#### [What is needed]
The task calls for the lines below from the line with "詩詞名句歷史字典書法欣賞書法字典國語詞典說文解字康熙字典古漢語字典標 題 作" to the line with "Προχωρώντας στο εσωτερικό, συναντάμε", both ends included, copied exactly, without any pictures.

Records drawn from a dataset
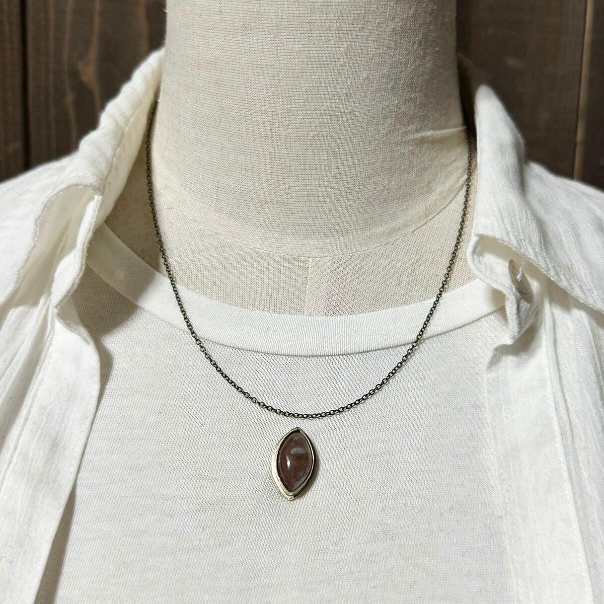 いろんなお洋服に似合う個性的なネックレスになりそうです。
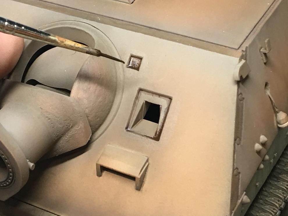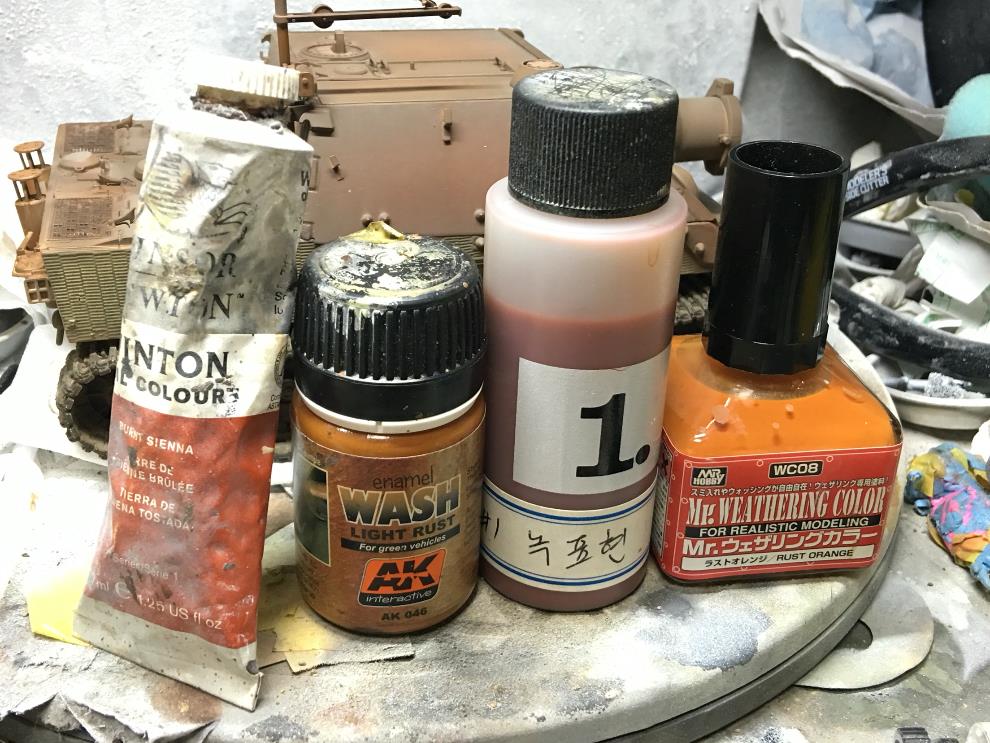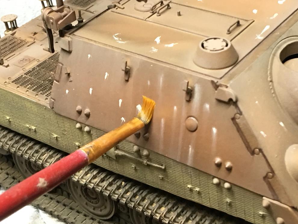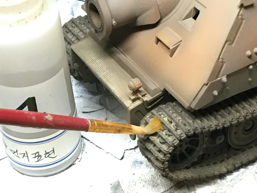이 작업은 기본색이 아크릴일 경우 유화로 점을 찍고 바로 붓으로 웨더링 해주셔야 할겁니다
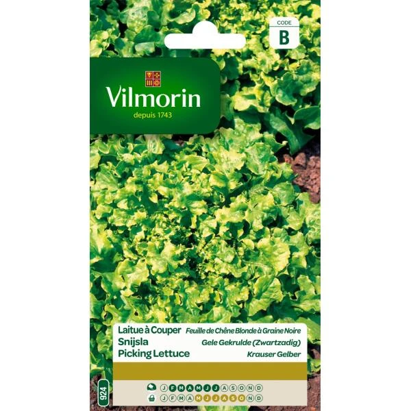 Gele gekrulde snijsla, deze sterke variëteit verdraagt goed hitte en wordt beetje bij beetje geoogst, waarna de planten teruggroeien.
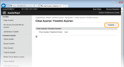 [Cihaz Ayarları Yönetimi Ayarları] öğesini tıklatın.
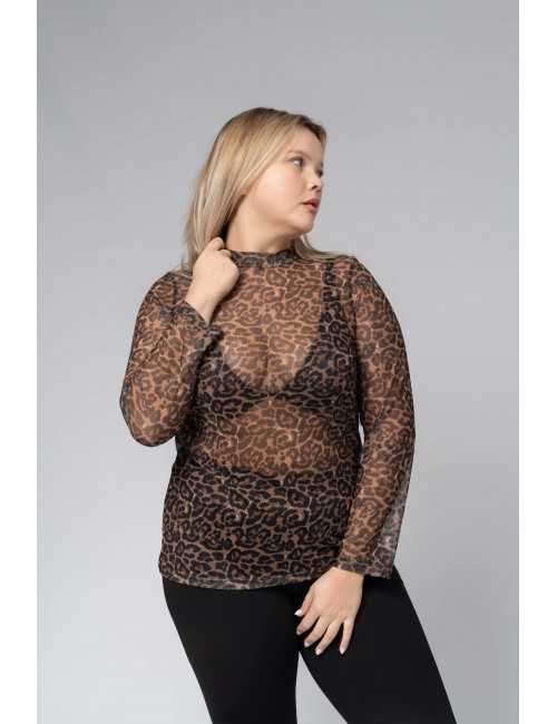 Pull en résille imprimé tigre Collection : Automne Hiver Modèle : Taille 1,70 m et porte la taille 2XL. Modèle : Taille 1,63 m et porte la taille 2XL.
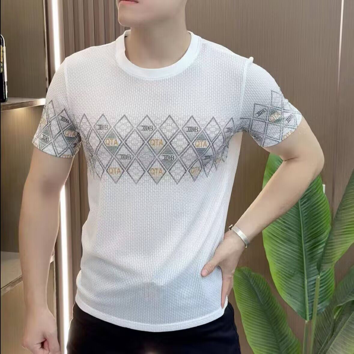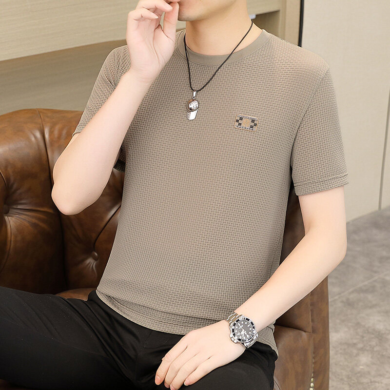 952-2025 夏新作 ラウンドネック半袖Tシャツ メンズ トレンド ファッション 通気性シャツ [4.8]
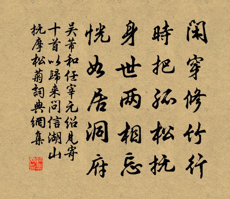 詩詞名句歷史字典書法欣賞書法字典國語詞典說文解字康熙字典古漢語字典標 題 作 者 詩 句 和任宰元紹見寄十首以歸來問信湖山撫摩松菊作者:吳芾 朝代:宋代原文閒穿修竹行,時把孤松撫。身世兩相忘,恍如居洞府。詩詞問答問:《和任宰元紹見寄十首以歸來問信湖山撫摩松菊》的作者是誰?答:吳芾問:該詩寫於哪個朝代?答:宋代書法欣賞和任宰元紹見寄十首以歸來問信湖山撫摩松菊書法作品詩文賞析【原題】:和任宰元紹見寄十首以歸來問信湖山撫摩松菊為韻詩詞推薦句擊虎臣〔宋代〕長日林皋獨醉吟。吳正仲遺二物詠之其一金盞子梅堯臣〔宋代〕鍾令昔醒酒,豫章留此花。黃金盞何小,白玉碗無瑕。始入吳郎宅,還歸楚客家。從茲不能醉,只恐費流霞。皇后廟十五首真宗〔宋代〕明守告畢,靈略難留。長雲杳邈,整騷優遊。誠深嘉粟,禮聲欽修。豈融垂佑,以永洪休。題竹秦韜玉〔唐代〕削玉森森幽思清,院家高興尚分明。捲簾陰薄漏山色,欹枕韻寒宜雨聲。斜對酒缸偏覺好,靜籠棋局最多情。卻驚雜劇·諸葛亮博望燒屯佚名〔元代〕第一折(沖末扮劉末同關末、張飛,領卒子上)(劉末雲)桑蓋層層徹碧霞,織席編覆作竹涯。有人來問宗和祖,和晏尚書夏日偶至郊亭歐陽修〔宋代〕關關啼鳥樹交陰,雨過西城野色侵。避暑誰能陪劇飲,清歌自可滌煩襟。稻花欲秀蟬初嘒,菱蔓初長水正深。知有大功不宰釋重顯〔宋代〕牛頭峰頂鎖重雲,獨坐寥寥寄此身。百鳥不來春又過,不知誰是到庵人。梅花劉過〔宋代〕寂無人語斷回程,日落未落孤山橫。平湖水闊何許去,傍竹邊松自好行。十月朝補種杏花楊萬里〔宋代〕百株種杏自今春,度夏榮枯不解勻。要看補栽新樹子,荼蘼紅剌絓頭巾。游蒼玉洞錢元忠〔宋代〕峭嶸亂石滿陵岡,顏色蒼潤如琳琅。神惻鬼□□□慘,牛眠虎跳深伏藏。太清靈壁不足數,涪水□麥熟可方。剝苔喜遷鶯(塞上詞)李綱〔宋代〕邊城寒早。對漠漠暮秋,霜風菸草。戰□長閒,刁斗無聲,空使荷戈人老。隴頭立馬極目,萬里長城古道。感懷處曉別白居易〔唐代〕曉鼓聲已半,離筵坐難久。請君斷腸歌,送我和淚酒。月落欲明前,馬嘶初別後。浩浩暗塵中,何由見回首?春歸衛宗武〔宋代〕紅飛綠膩晴晝遲,木香滿架柔條彼。芳菲過眼能幾日,娛樂常少多憂悲。東君歸計何太早,四序光陰如電掃。今年五日不出戶姜特立〔宋代〕五日不出戶,門前楓葉丹。清芬余橘柚,老色半林巒。社燕知時去,昏鴉取勢盤。秋深多物色,應接未能安。陳文煥秀才所宅所市憑樓一望西山宛然墮几案林亦之〔宋代〕西山檐外見,何必鹿門行。近晚市聲合,疎簾野意生。終朝如此好,初月更多情。卻愧才華鈍,三年句不成。龍丁謂〔宋代〕不操千金寶,思觀九色虯。負圖鐘上聖,銜燭照窮幽。但仰飛天大,寧聞戰野憂。沃焦須霈澤,莫道我無求。送蘇倩游天台張子容〔唐代〕靈異尋滄海,笙歌訪翠微。江鷗迎共狎,雲鶴待將飛。琪樹嘗仙果,瓊樓試羽衣。遙知神女問,獨怪阮郎歸。秋熱方岳〔宋代〕衰老不耐暑,喜甚秋咫尺。秋來幾何時,炮煮乃爾劇。老夫大失望,亦自愧兩屐。青山吾故人,可想不可覿。農家紅梅 其六王冕〔元代〕白日遲遲照窗戶,深院不知春幾許?紫簫聲轉香風回,隔簾踏動燕脂雨。奉和聖制夏日游石淙山姚崇〔唐代〕二室三塗光地險,均霜揆日處天中。石泉石鏡恆留月,山鳥山花競逐風。周王久謝瑤池賞,漢主懸慚玉樹宮。別有名句推薦所謂壹刑者,刑無等級。商鞅《商君書·賞刑》 輕輕飛動,把賣花人搧過橋東王和卿《醉中天·詠大蝴蝶》 寂寂聞猿愁,行行見雲收李白《尋高鳳石門山中元丹丘》 相馬失之瘦,相士失之貧。司馬遷《史記·滑稽列傳》 風定落花深,簾外擁紅堆雪。李清照《好事近·風定落花深》 芙蓉金菊斗馨香。天氣欲重陽。晏殊《訴衷情·芙蓉金菊斗馨香》 人刑者非人也,罰人者非罰也。來俊臣《羅織經·刑罰卷第十一》 古宮閒地少,水港小橋多。杜荀鶴《送人游吳》 紫黯紅愁無緒,日暮春歸甚處?龔自珍《如夢令·紫黯紅愁無緒》 琅琅新雨洗湖天,小景六橋邊。張可久《風入松·九日》
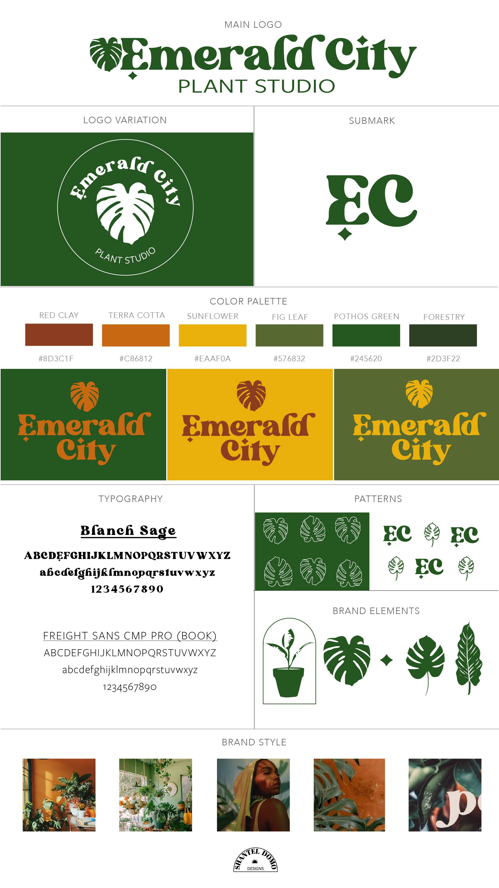 Emerald City Plant Studio is an indoor plant shop based in North Carolina. The founder wanted to evoke a bohemian aesthetic and incorporate plant vectors.
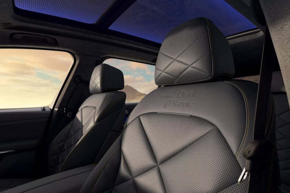 Προχωρώντας στο εσωτερικό, συναντάμε παντού δέρμα και κορυφαίας ποιότητας υλικά, μαζί με μαύρες επενδύσεις από συνθετικό δέρμα Premium Sensafin για τα καθίσματα και μια σκούρα γκρι επένδυση alcantara γύρω από τη στάνταρ πανοραμική ηλιοροφή του «έναστρου ουρανού». Το σκοτεινό εσωτερικό διαθέτει χρυσές ραφές και ενθέσεις από ανθρακονήματα στο ταμπλό και την κεντρική κονσόλα, για ακόμα περισσότερο exclusivity.
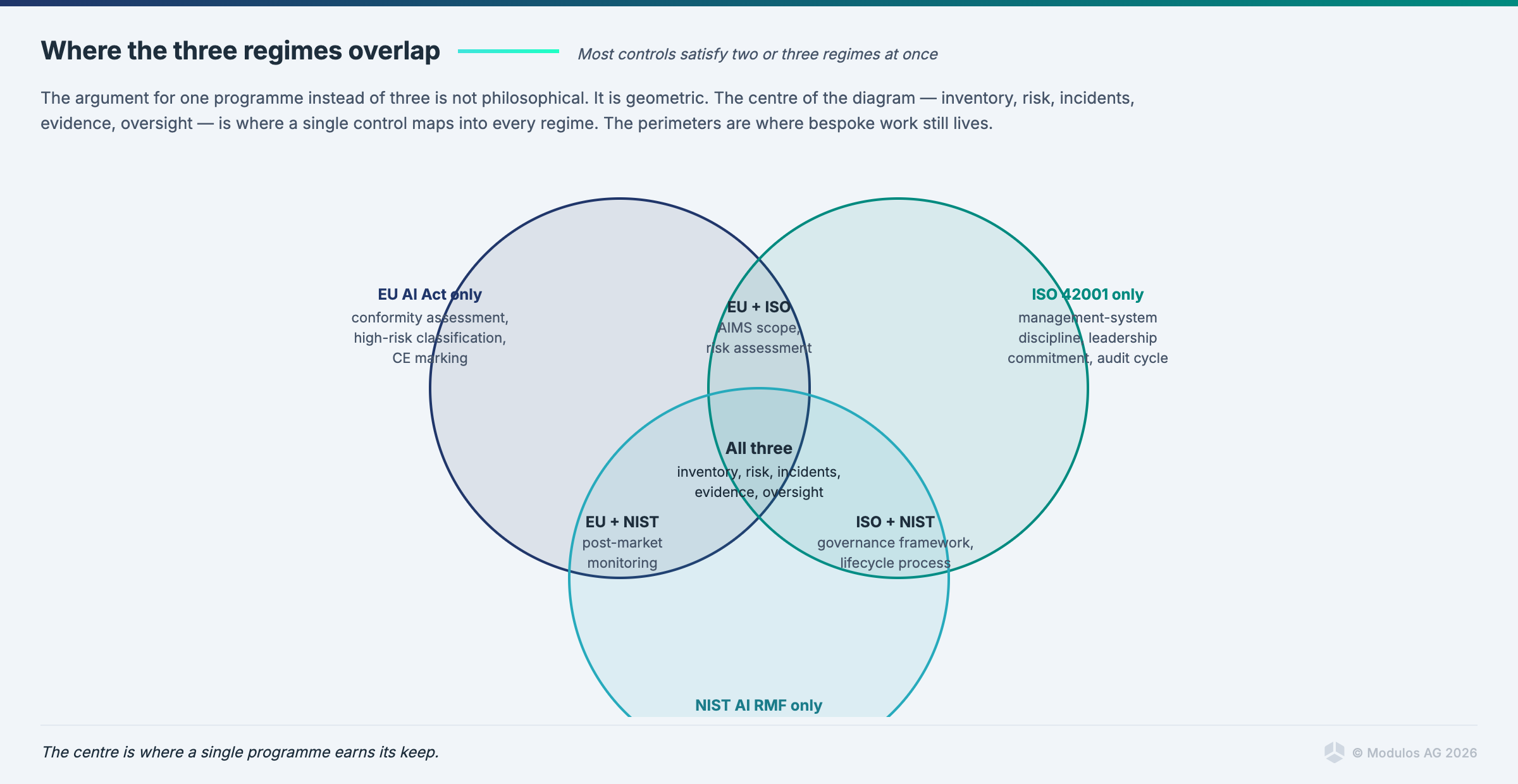 The unit economics are not the full story, though. The deeper win is structural. If your ISO 42001 AIMS is the scaffolding, and your EU AI Act Article 9 risk management sits inside it, and your NIST Map step produces the data that Article 9 needs, you have built one organisation doing one job. Not three organisations each optimising for their own auditor.
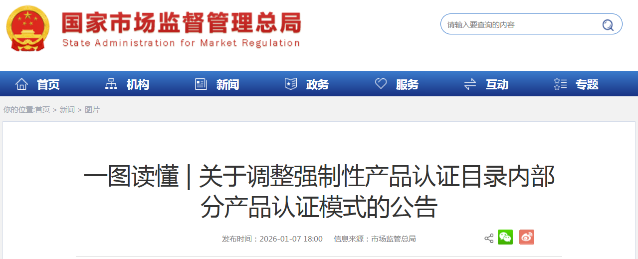 关于调整强制性产品认证目录内部分产品认证模式的公告
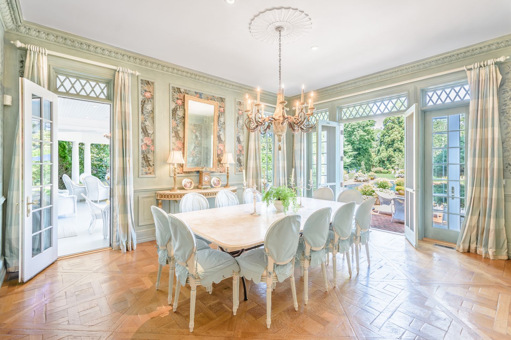 This magnificent and meticulously detailed home is sited on 2+/- acres of magical, park like grounds and located on legendary Gin Lane. The gracious floor plan, perfect for entertaining, includes a large formal Living room with a fireplace, paneled library with fireplace, sunroom, formal dining room and an oversized kitchen/ family room all accessing the gardens, covered dining porch, patio and pool. There are 11 bedrooms, 11 full baths, 2 hal
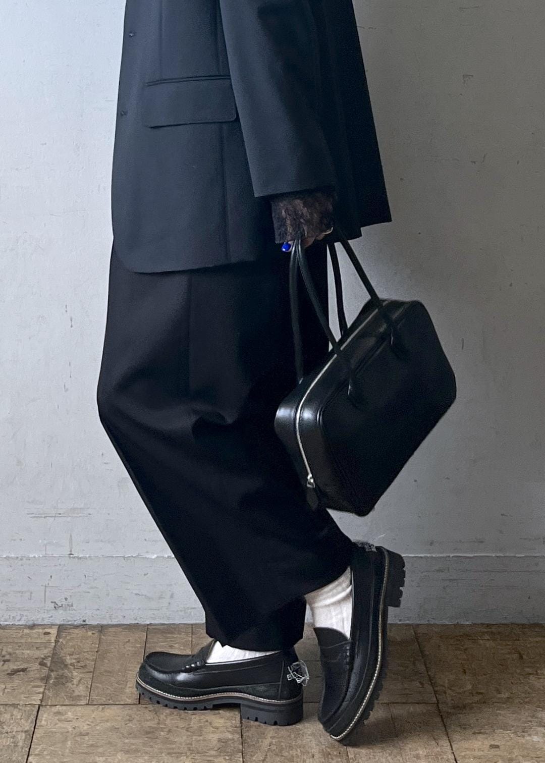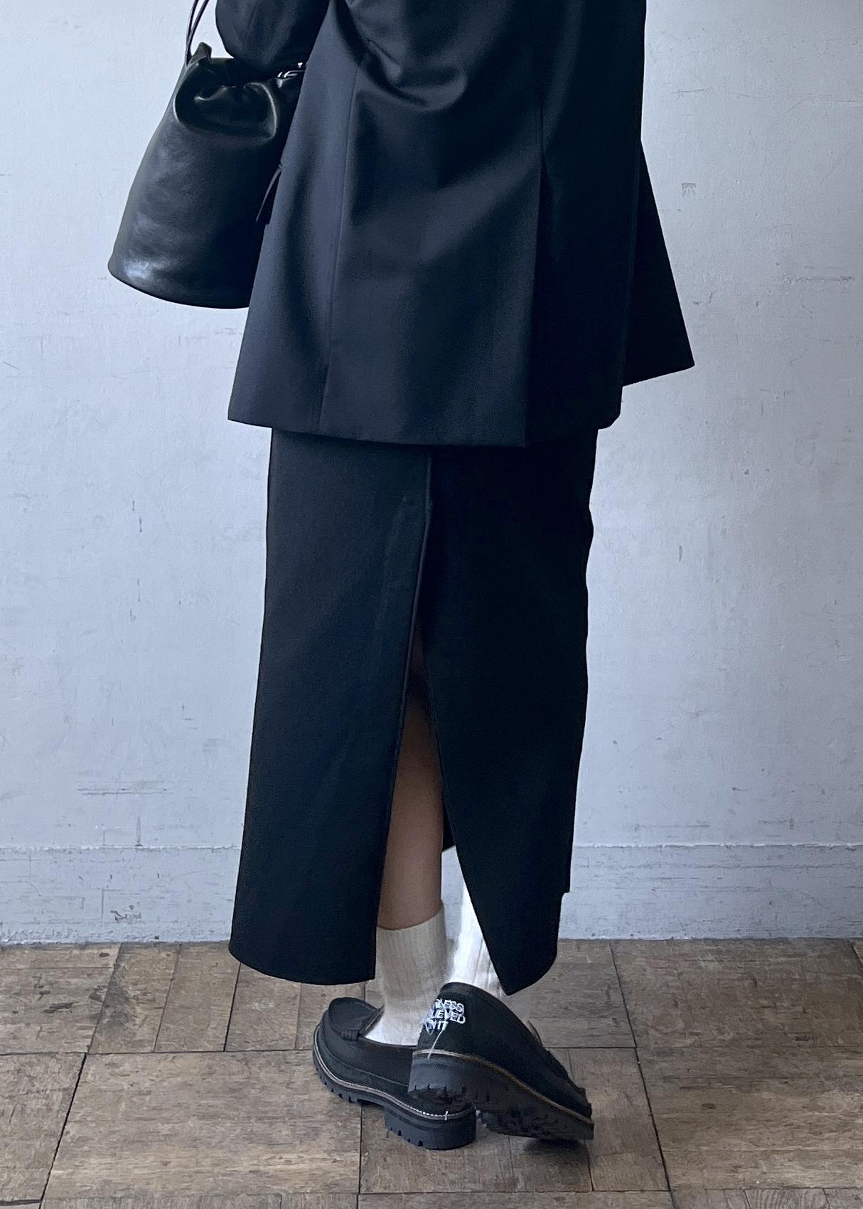 きちんと感がありつつ、足元で程よく外した大人のブラックコーデです。

#### [Response box]
 詩詞名句歷史字典書法欣賞書法字典國語詞典說文解字康熙字典古漢語字典標 題 作 者 詩 句 和任宰元紹見寄十首以歸來問信湖山撫摩松菊作者:吳芾 朝代:宋代原文閒穿修竹行,時把孤松撫。身世兩相忘,恍如居洞府。詩詞問答問:《和任宰元紹見寄十首以歸來問信湖山撫摩松菊》的作者是誰?答:吳芾問:該詩寫於哪個朝代?答:宋代書法欣賞和任宰元紹見寄十首以歸來問信湖山撫摩松菊書法作品詩文賞析【原題】:和任宰元紹見寄十首以歸來問信湖山撫摩松菊為韻詩詞推薦句擊虎臣〔宋代〕長日林皋獨醉吟。吳正仲遺二物詠之其一金盞子梅堯臣〔宋代〕鍾令昔醒酒,豫章留此花。黃金盞何小,白玉碗無瑕。始入吳郎宅,還歸楚客家。從茲不能醉,只恐費流霞。皇后廟十五首真宗〔宋代〕明守告畢,靈略難留。長雲杳邈,整騷優遊。誠深嘉粟,禮聲欽修。豈融垂佑,以永洪休。題竹秦韜玉〔唐代〕削玉森森幽思清,院家高興尚分明。捲簾陰薄漏山色,欹枕韻寒宜雨聲。斜對酒缸偏覺好,靜籠棋局最多情。卻驚雜劇·諸葛亮博望燒屯佚名〔元代〕第一折(沖末扮劉末同關末、張飛,領卒子上)(劉末雲)桑蓋層層徹碧霞,織席編覆作竹涯。有人來問宗和祖,和晏尚書夏日偶至郊亭歐陽修〔宋代〕關關啼鳥樹交陰,雨過西城野色侵。避暑誰能陪劇飲,清歌自可滌煩襟。稻花欲秀蟬初嘒,菱蔓初長水正深。知有大功不宰釋重顯〔宋代〕牛頭峰頂鎖重雲,獨坐寥寥寄此身。百鳥不來春又過,不知誰是到庵人。梅花劉過〔宋代〕寂無人語斷回程,日落未落孤山橫。平湖水闊何許去,傍竹邊松自好行。十月朝補種杏花楊萬里〔宋代〕百株種杏自今春,度夏榮枯不解勻。要看補栽新樹子,荼蘼紅剌絓頭巾。游蒼玉洞錢元忠〔宋代〕峭嶸亂石滿陵岡,顏色蒼潤如琳琅。神惻鬼□□□慘,牛眠虎跳深伏藏。太清靈壁不足數,涪水□麥熟可方。剝苔喜遷鶯(塞上詞)李綱〔宋代〕邊城寒早。對漠漠暮秋,霜風菸草。戰□長閒,刁斗無聲,空使荷戈人老。隴頭立馬極目,萬里長城古道。感懷處曉別白居易〔唐代〕曉鼓聲已半,離筵坐難久。請君斷腸歌,送我和淚酒。月落欲明前,馬嘶初別後。浩浩暗塵中,何由見回首?春歸衛宗武〔宋代〕紅飛綠膩晴晝遲,木香滿架柔條彼。芳菲過眼能幾日,娛樂常少多憂悲。東君歸計何太早,四序光陰如電掃。今年五日不出戶姜特立〔宋代〕五日不出戶,門前楓葉丹。清芬余橘柚,老色半林巒。社燕知時去,昏鴉取勢盤。秋深多物色,應接未能安。陳文煥秀才所宅所市憑樓一望西山宛然墮几案林亦之〔宋代〕西山檐外見,何必鹿門行。近晚市聲合,疎簾野意生。終朝如此好,初月更多情。卻愧才華鈍,三年句不成。龍丁謂〔宋代〕不操千金寶,思觀九色虯。負圖鐘上聖,銜燭照窮幽。但仰飛天大,寧聞戰野憂。沃焦須霈澤,莫道我無求。送蘇倩游天台張子容〔唐代〕靈異尋滄海,笙歌訪翠微。江鷗迎共狎,雲鶴待將飛。琪樹嘗仙果,瓊樓試羽衣。遙知神女問,獨怪阮郎歸。秋熱方岳〔宋代〕衰老不耐暑,喜甚秋咫尺。秋來幾何時,炮煮乃爾劇。老夫大失望,亦自愧兩屐。青山吾故人,可想不可覿。農家紅梅 其六王冕〔元代〕白日遲遲照窗戶,深院不知春幾許?紫簫聲轉香風回,隔簾踏動燕脂雨。奉和聖制夏日游石淙山姚崇〔唐代〕二室三塗光地險,均霜揆日處天中。石泉石鏡恆留月,山鳥山花競逐風。周王久謝瑤池賞,漢主懸慚玉樹宮。別有名句推薦所謂壹刑者,刑無等級。商鞅《商君書·賞刑》 輕輕飛動,把賣花人搧過橋東王和卿《醉中天·詠大蝴蝶》 寂寂聞猿愁,行行見雲收李白《尋高鳳石門山中元丹丘》 相馬失之瘦,相士失之貧。司馬遷《史記·滑稽列傳》 風定落花深,簾外擁紅堆雪。李清照《好事近·風定落花深》 芙蓉金菊斗馨香。天氣欲重陽。晏殊《訴衷情·芙蓉金菊斗馨香》 人刑者非人也,罰人者非罰也。來俊臣《羅織經·刑罰卷第十一》 古宮閒地少,水港小橋多。杜荀鶴《送人游吳》 紫黯紅愁無緒,日暮春歸甚處?龔自珍《如夢令·紫黯紅愁無緒》 琅琅新雨洗湖天,小景六橋邊。張可久《風入松·九日》
 Emerald City Plant Studio is an indoor plant shop based in North Carolina. The founder wanted to evoke a bohemian aesthetic and incorporate plant vectors.
 Προχωρώντας στο εσωτερικό, συναντάμε παντού δέρμα και κορυφαίας ποιότητας υλικά, μαζί με μαύρες επενδύσεις από συνθετικό δέρμα Premium Sensafin για τα καθίσματα και μια σκούρα γκρι επένδυση alcantara γύρω από τη στάνταρ πανοραμική ηλιοροφή του «έναστρου ουρανού». Το σκοτεινό εσωτερικό διαθέτει χρυσές ραφές και ενθέσεις από ανθρακονήματα στο ταμπλό και την κεντρική κονσόλα, για ακόμα περισσότερο exclusivity.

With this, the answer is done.